Hastaların %98’inde Akromegali’nin nedeni büyüme hormunu salgılayan ve hipofiz bezinin ön bölümünde yer alan hipofiz adenomları yani iyi huylu tümörlerdir. Adenomun oluşturduğu bası semptomları baş ağrısına, görmede azalmaya ve kafa sinirlerinde felçlere neden olabilir. Büyük adenomların oluşturduğu lokal baskı, diğer hipofiz hormonların salgılanmasında azalmaya yol açarak hormon eksikliği oluşturur.
El ve ayaktaki büyüme ile yumuşak doku şişliği, ayakkabı ve yüzük numarasında artışa neden olur. Burunda ve dilde büyüme ile birlikte çenenin öne doğru çıkması ve alın kemiklerindeki büyüme, yüzde kabalaşmaya yol açar. Akromegalik hastaların %60-70’inde eklem ağrıları görülür. Karpal Tünel Sendromu, Akromegalik hastaların %20-30’unda görülür. Aşırı terleme, ciltte yağlanma, kalınlaşma akromegalinin cilt bulgularını oluşturur.

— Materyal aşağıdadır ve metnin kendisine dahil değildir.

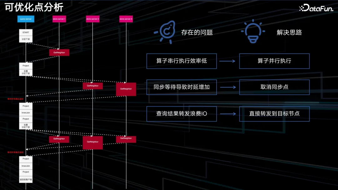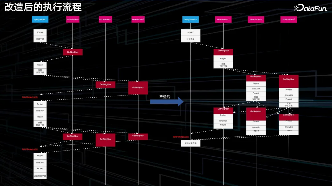 在整个流程中,我们明显观察到三个问题。首先,图中蓝色方框内的算子都是串行运行的,必须等待前一个计算完成后,才能执行下一个。对于大规模的数据,串行执行的效率显然无法与并行执行相提并论。其次,Query Server 内部存在一个同步点,即左侧标注为红色的字(等待所有响应返回),要求 query Server 等待所有存储节点的响应返回后,才能继续执行后续操作。若某一存储节点的数据量较大或负载过高,导致响应速度较慢,则会耗费大量时间在等待上,因此我们考虑取消同步等待的过程。最后,存储层的结果需要先转发回查询层进行简单处理,然后再向下发送,这无疑增加了不必要的转发成本。如果存储节点(Store Server)能够自行转发,便可避免一次网络转发过程,从而降低开销。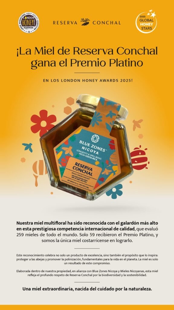 San José, 29 jun (elmundo.cr) – Reserva Conchal obtuvo el más alto reconocimiento internacional en los London Honey Awards 2025, al recibir el Premio Platino por la calidad excepcional de su miel multifloral. Esta distinción posiciona a la miel de Reserva Conchal entre las mejores del mundo y convierte a Costa Rica en un referente global de producción apícola sostenible.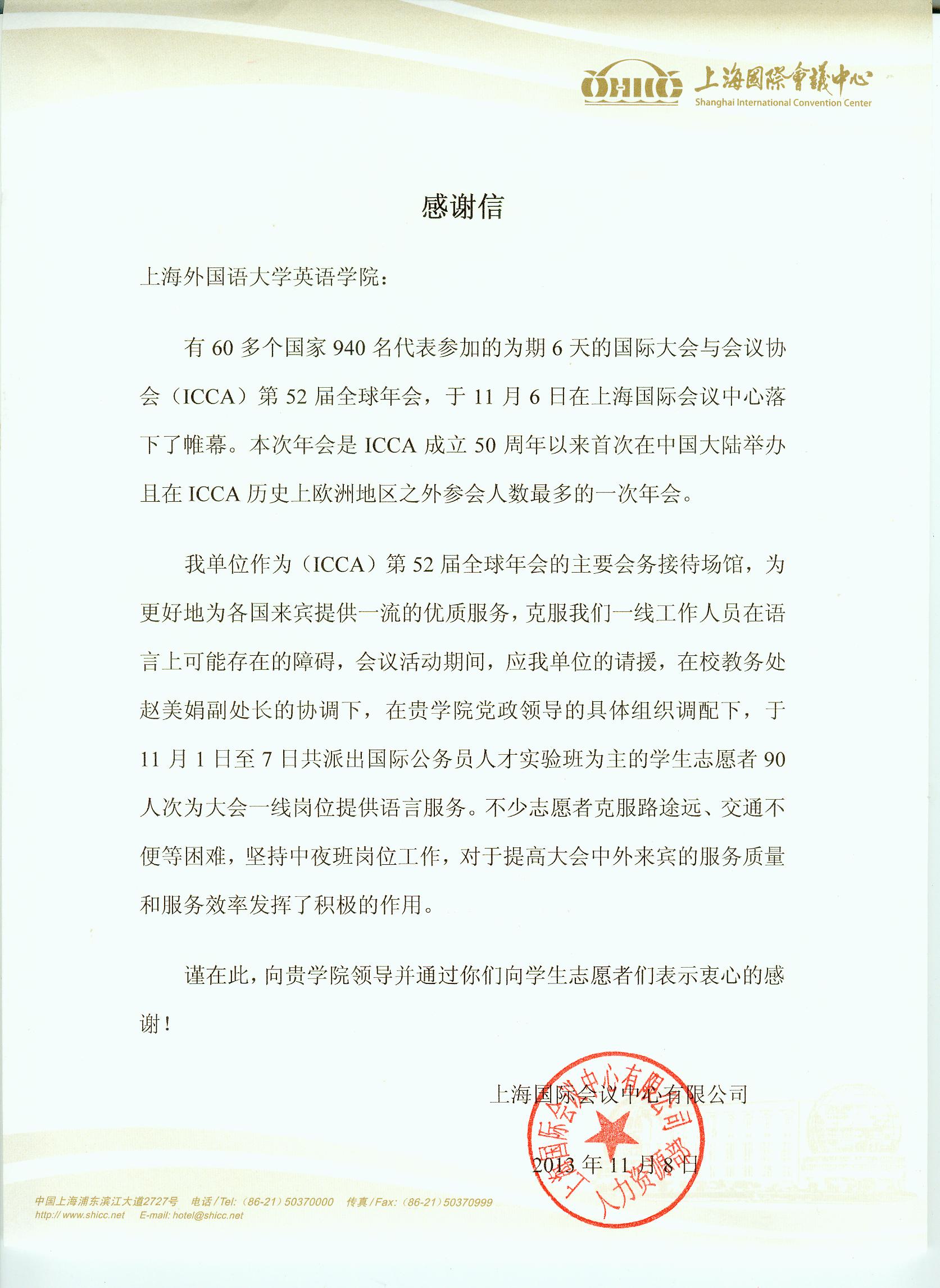 日前,上海国际会议中心发来感谢信,感谢我校志愿者为国际大会与会议协会第52届年会顺利举办提供的志愿服务。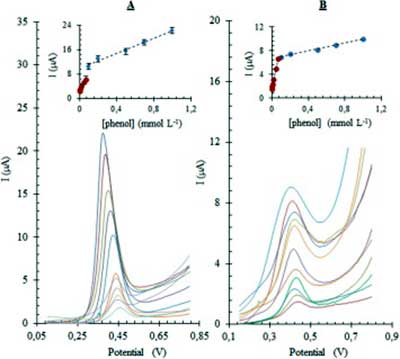 圖2、使用DPV方法在的氧化鎳活性炭自來水中(A)和橄欖油(B)樣品的苯酚校準曲線改性的碳電極在1.0的濃度范圍 × 10 -6 mol L−1至1.0 × 10 -3 mol L−1。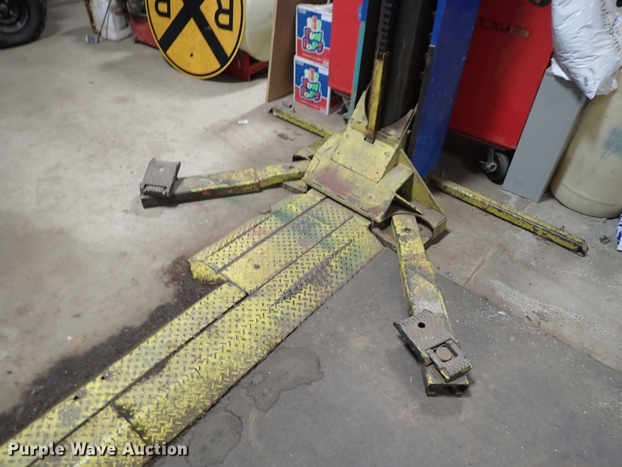 Purple Wave is selling a used Tools in Kansas. This item is a Gilbarco automotive lift with the following: Approx. 142" W x 120" H, Lift height: 6', Capacity: 8,000 lbs, Single phase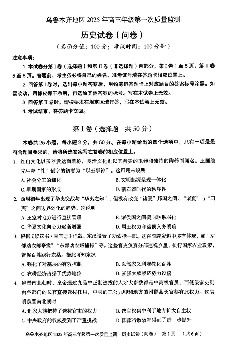 新疆乌鲁木齐2025年高三第一次质量监测历史试卷及参考答案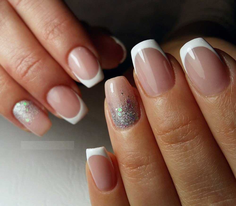 Блестки на гель-лак наносить можно в сочетании с французским маникюром, создавая изысканный образ. Классический френч разбавляют блестками вместо привычного белого покрытия, либо, заменяя им основное покрытие. Удачны варианты использования глиттера на одном из ногтей, а остальные оформляют привычным френчем.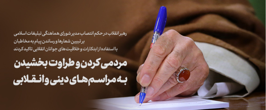 شورای هماهنگی تبلیغات اسلامی در شمار نهادهای قانونی فعال و اثرگذار در طول چند دهه و منشأ بصیرتافزائی و آرمانگرائی در بزرگداشت یادبودها و مناسبتهای انقلاب اسلامی بوده و در سایهی مدیریت موفق جناب آیتالله آقای جنتی دامت برکاته خدمات ارزشمندی به کشور کرده است. اکنون با عنایت به استعفای جناب آقای جنتی و با تشکر و تقدیر از زحمات فراوان ایشان، جناب حجتالاسلام آقای حاج شیخ محمّدحسین موسیپور دام توفیقه را به مدیریت این شورا منصوب میکنم.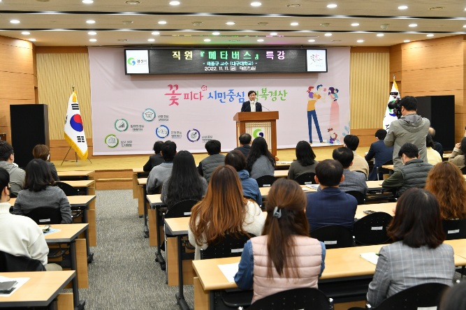 특히 채 교수는 메타버스에 관해 쉽고 재미있는 설명으로 ‘메타버스 경산시장실’ 등 실제 시정에 적용할 수 있는 다양한 행정서비스 아이디어를 제시해 직원들의 큰 호응을 얻었다.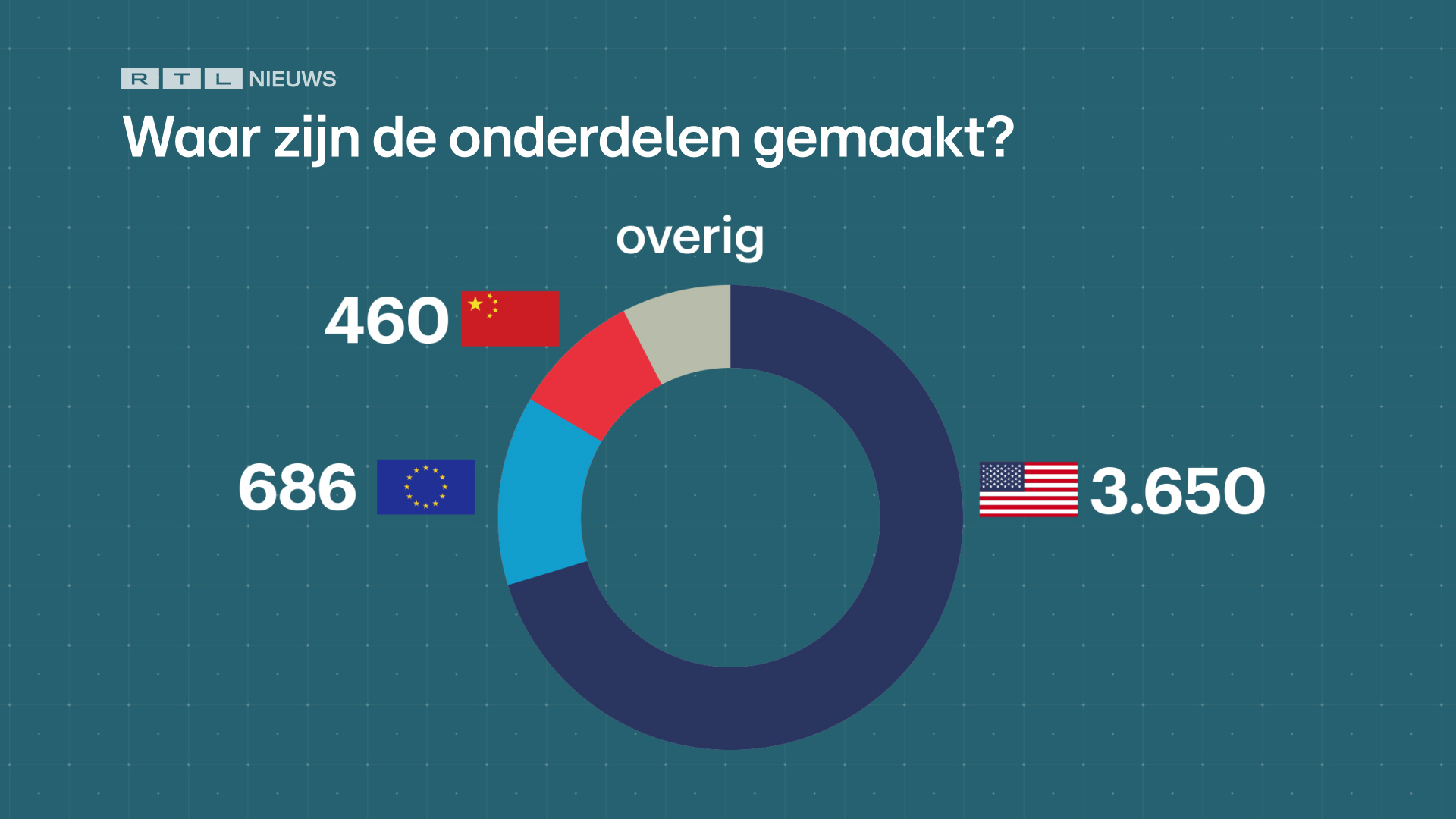 - Van de 379 Nederlandse onderdelen is 91 procent een chip, verder gaat het om andere elektronische onderdelen.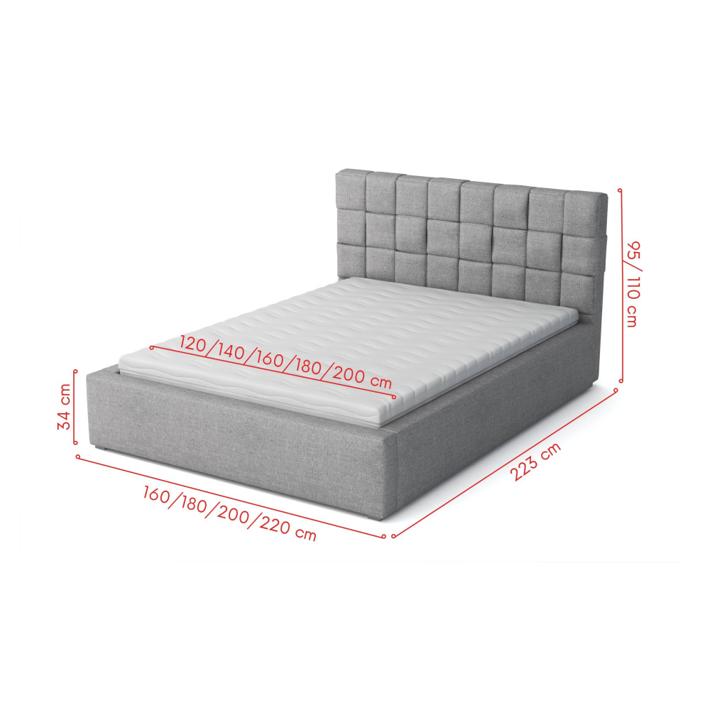 • Rodzaj stelaża – stelaż metalowy na automacie gazowym (34 listwy) + pojemnik na pościel dwukomorowy na całości powierzchni spania - Materac osadza się 10 cm w ramie łóżka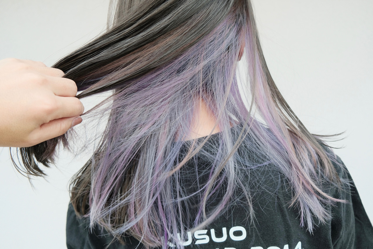 ミステリアスなハイトーンパープルアッシュをインナーカラーにしているスタイルです。クールビューティーな雰囲気をつくり出せますよ。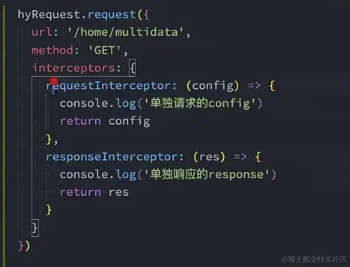 而对于定义好的实例,在进行某个请求时的单独拦截器使用,则如下图所示。在request中定义interceptors,这样定义的拦截器就是为这个具体的请求来使用的。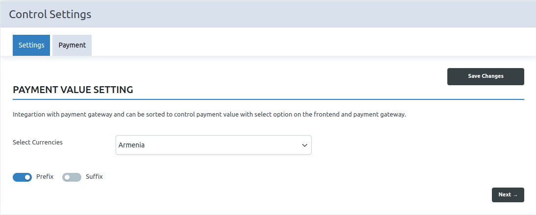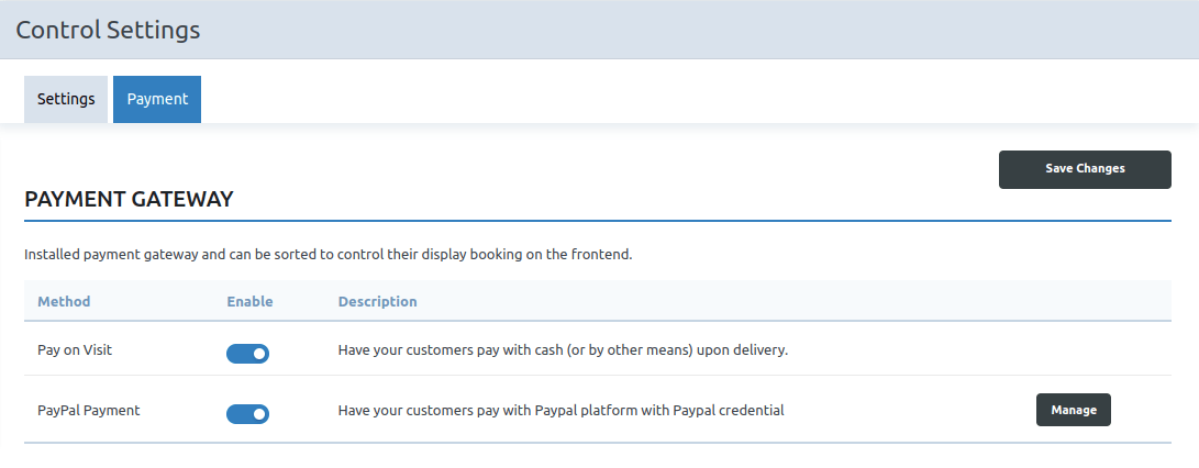 After Saving the “Save Changes” button. You will be displayed the Payment Method.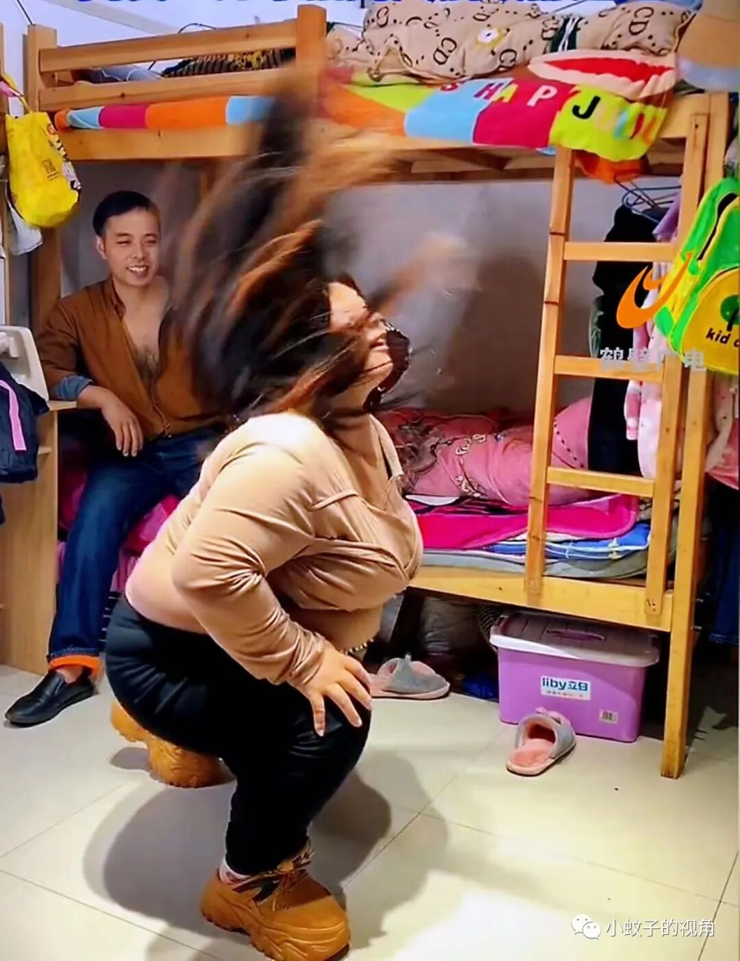 女子身材比较胖,跳起舞来可能有些费劲,但是这点小障碍并不影响她的发挥,只见她转身、甩发一气呵成,动作如行云流水,看来,应该是有舞蹈底子的。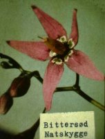 Bittersød natskygge, sort natskygge, bukketorn, kartoffel. De stærke: Pigæble, galnebær, bulmeurt, alrune. | |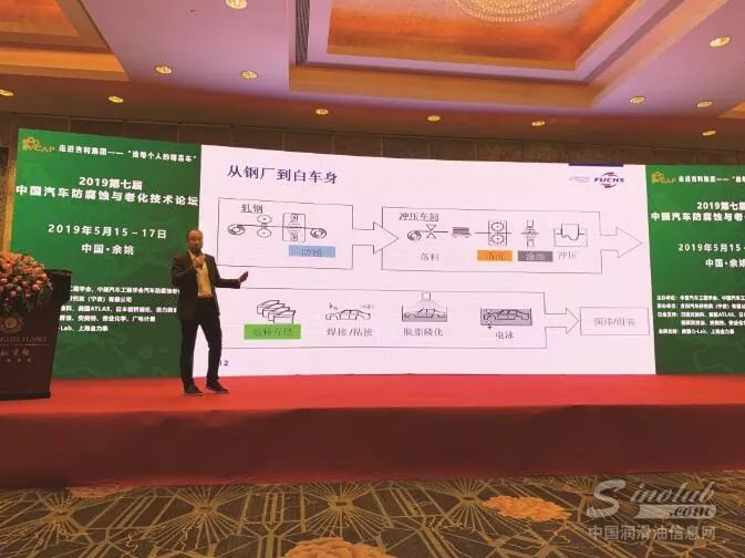 福斯润滑油防锈产品经理李云涛先生,受邀在大会上发表主旨演讲:《钢板冲压用油对整厂防锈的影响》,同与会代表分享了福斯润滑油在汽车冲压防锈领域的研究与最佳实践。他指出:“钢板防锈及冲压用油,不仅对于整车白车身的过程防锈非常重要,而且还关系到冲压、焊装、粘结、涂装等工序的质量。从钢板出厂时的静电喷涂防锈油,到落料后的清洗冲压防锈油,以及冲压防锈油,这需要用户综合整体考虑,避免对后道的粘接,电泳造成影响。”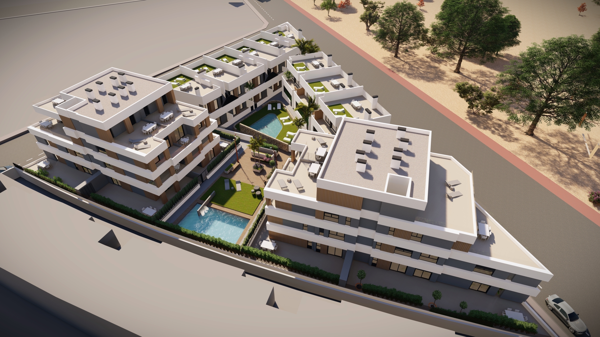 A Group Uno Design … These contemporary, modern homes are set in 4 blocks with communal garden zones and two communal swimming pools. These stylish homes offer spacious living areas with wide terraces, with choices of energy saving internal finishes... Choose from a ground floor model or a penthouse with large roof top solarium.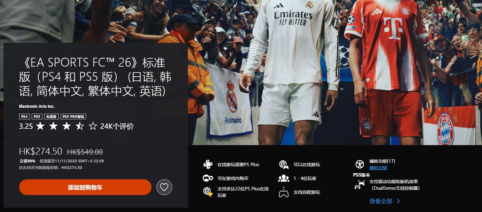 《EA SPORTS FC 26》274.5HKD(新史低)

Akromegalide birçok belirti ve bulgu olabilir, ancak hastaların çoğunda sadece birkaçı da olabilir. Yumuşak doku şişliği, Karpal Tünel Sendromu, kas güçsüzlüğü, sinüs ödemi, adet bozuklukları ve galaktore (gögüsten süt gelmesi) ile cinsel fonksiyon bozuklukları da bu hastalığın belirtileri arasındadır.

Akromegalik hastalarda, cerrahi tedavi (ameliyat), ilaç tedavisi ve ışın tedavisi uygulanır. Ameliyatlar için deneyimli merkezlerin seçilmesi ve ameliyattan sonra hastaların büyük çoğunluğuna ilaç tedavisi uygulanması gerekmektedir. Akromegalik hastalarda, tedavi ile büyüme hormonu kontrol altına alındığında ölüm oranları azalmaktadır. Hastalığın tanı ve tedavi süreci ve cerrahi sonrası endokrinoloji uzmanları tarafından takip edilir.